The objective of the CompVerify process is verifying the timing parameters across the temperature range in order to find the optimal operating point.
| Bit | Description | Value | Value Description | Example 1: AS4C8M16SA-6BIN (16 MB) | Example 2: IS45S16400J-7BLA2 (8 MB) |
|---|---|---|---|---|---|
| 1-0 | Number of SDRAM device banks and address lines | 00 01 | 2 banks, address (BA0) 4 banks, address lines (BA1, BA0)(default) | 01 | 01 |
| 3-2 | reserved | 0 | 0 | 0 | |
| 5-4 | Number of SDRAM device rows and address lines | 00 01 10 | 2k rows, address lines A0..A10 (default) 4k rows, address lines A0..A11 8k rows, address lines A0..A12 | 01 | 01 |
| 7-6 | reserved | 0 | 0 | 0 | |
| 10-8 | Number of SDRAM device columns and address lines | 000 001 010 011 100 | 256 columns, address lines A0..A7 (default) 512 columns, address lines A0..A8 1k columns, address lines A0..A9 2k columns, address lines A0..A9,A11 4k columns, address lines A0..A9,A11,A12 | 001 | 000 |
| 15-11 | reserved | 0 | 0 | 0 | |
| 16 | SDRAM data bus width | 0 1 | SDRAM data bus is 8 bit wide (default) SDRAM data bus is 16 bit wide | 1 | 1 |
| 17 | SDRAM power down | 0 | If this bit is set, the controller will move SDRAM to power down self refresh mode (no data loss) and stop the external SDRAM clock. Return from power-down mode can be done by clearing this bit. | 0 | 0 |
| 18 | External SDRAM clock enable | 0 1 | SDRAM clock disabled (default) SDRAM clock enabled | 1 | 1 |
| 19 | Global SDRAM controller enable | 0 1 | see sdram_general_ctrl register | 1 | 1 |
| 23-20 | reserved | 0 | 0 | 0 | |
| 25-24 | Refresh request generation mode | 00 01 10 11 | see sdram_general_ctrl register | 00 | 00 |
| 29-26 | reserved | 0 | see sdram_general_ctrl register | 0 | 0 |
| 30 | SDRAM ready | 0 1 | see sdram_general_ctrl register | 0 | 0 |
| 31 | Refresh status flag | 0 1 | see sdram_general_ctrl register | 0 | 0 |
BIN: 0000 0000 0000 1101 0000 0001 0001 0001 HEX: 0x000D0111 → General Control: 0x000D0111 | BIN: 0000 0000 0000 1101 0000 0000 0001 0001 HEX: 0x000D0011 → General Control: 0x000D0011 | ||||
The same procedure needs to be done for the Register "Timing Control" and "Mode Register".

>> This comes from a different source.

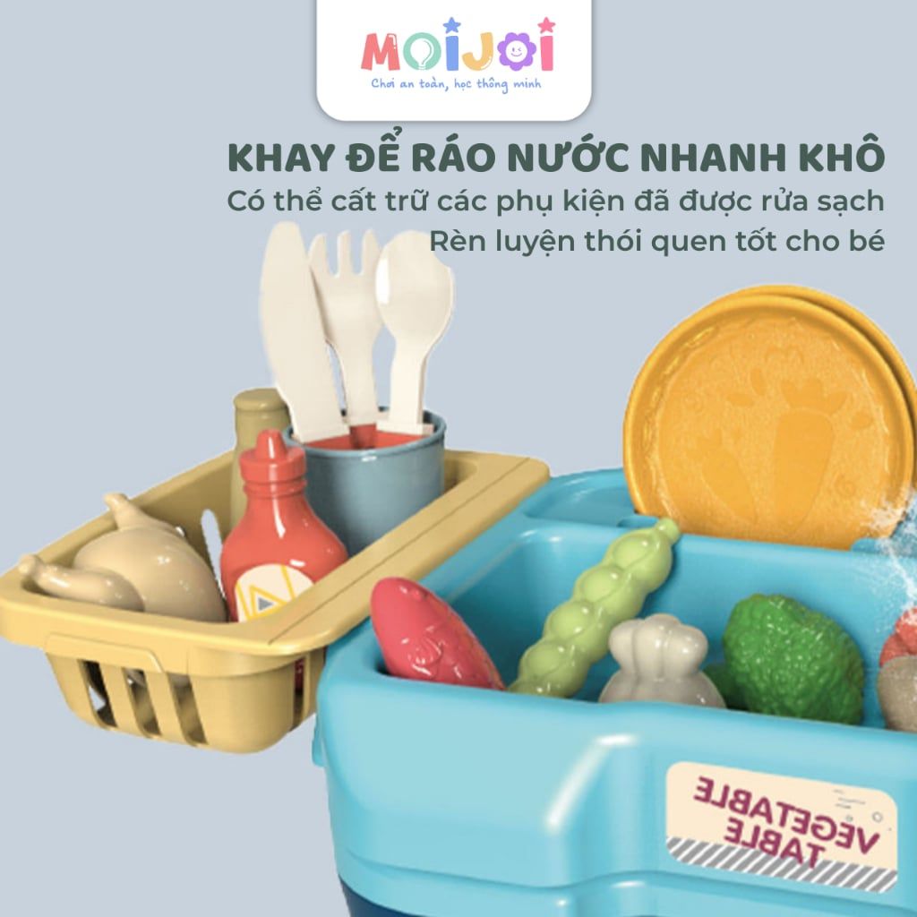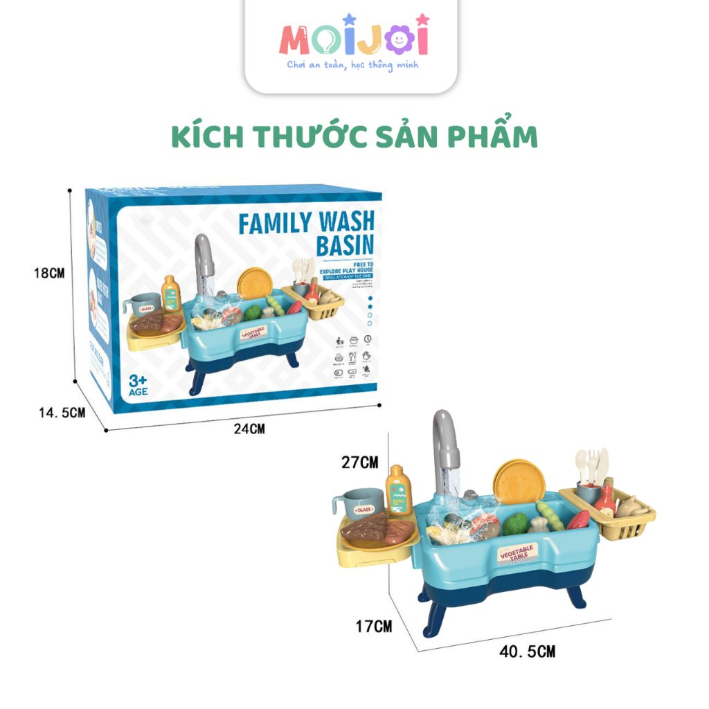 Bộ chậu rửa mini Family Wash Basin mô phỏng sinh động khu vực rửa bát với vòi nước chảy thật, giúp bé trải nghiệm cảm giác “rửa rau – rửa bát – phân loại đồ” như người lớn. Bộ đồ chơi đi kèm nhiều phụ kiện như rau củ, bát đĩa, dao muỗng… giúp bé phát triển kỹ năng vận động tinh, nhận diện đồ vật và rèn luyện tính tự lập.

The last value "Size (MByte)" is the size of your component as HEX value in MByte. Thus, a 8 MByte component has the value 0x08, a 16 MByte component the value 0x10 and a 32 MByte component the value 0x20.

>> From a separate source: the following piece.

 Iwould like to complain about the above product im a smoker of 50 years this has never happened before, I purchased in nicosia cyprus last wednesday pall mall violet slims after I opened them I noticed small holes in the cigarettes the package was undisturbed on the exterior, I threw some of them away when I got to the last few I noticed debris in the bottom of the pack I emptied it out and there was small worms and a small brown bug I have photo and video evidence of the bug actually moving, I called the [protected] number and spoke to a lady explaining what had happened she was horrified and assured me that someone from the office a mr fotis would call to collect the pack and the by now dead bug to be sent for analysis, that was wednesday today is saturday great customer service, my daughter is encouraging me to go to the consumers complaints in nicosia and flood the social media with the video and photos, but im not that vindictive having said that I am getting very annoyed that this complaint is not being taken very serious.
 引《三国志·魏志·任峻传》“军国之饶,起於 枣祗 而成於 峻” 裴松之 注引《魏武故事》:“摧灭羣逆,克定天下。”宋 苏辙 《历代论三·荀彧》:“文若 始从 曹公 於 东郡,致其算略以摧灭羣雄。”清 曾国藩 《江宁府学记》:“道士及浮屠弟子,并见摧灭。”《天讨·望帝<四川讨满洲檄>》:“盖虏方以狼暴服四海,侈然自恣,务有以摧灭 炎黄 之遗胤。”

| Parameter | AS4C8M16SA-6BIN | IS45S16400J-7BLA2 |
|---|---|---|
| General Control | 0x000D0111 | 0x000D0011 |
| Timing Control | 0x01403251 | 0x01403251 |
| Mode Register | 0x00000022 | 0x00000022 |
| Size (MByte) | 0x10 | 0x08 |
The parameter settings for the AS4C8M16SA-6BIN type were functionally tested at room temperatures.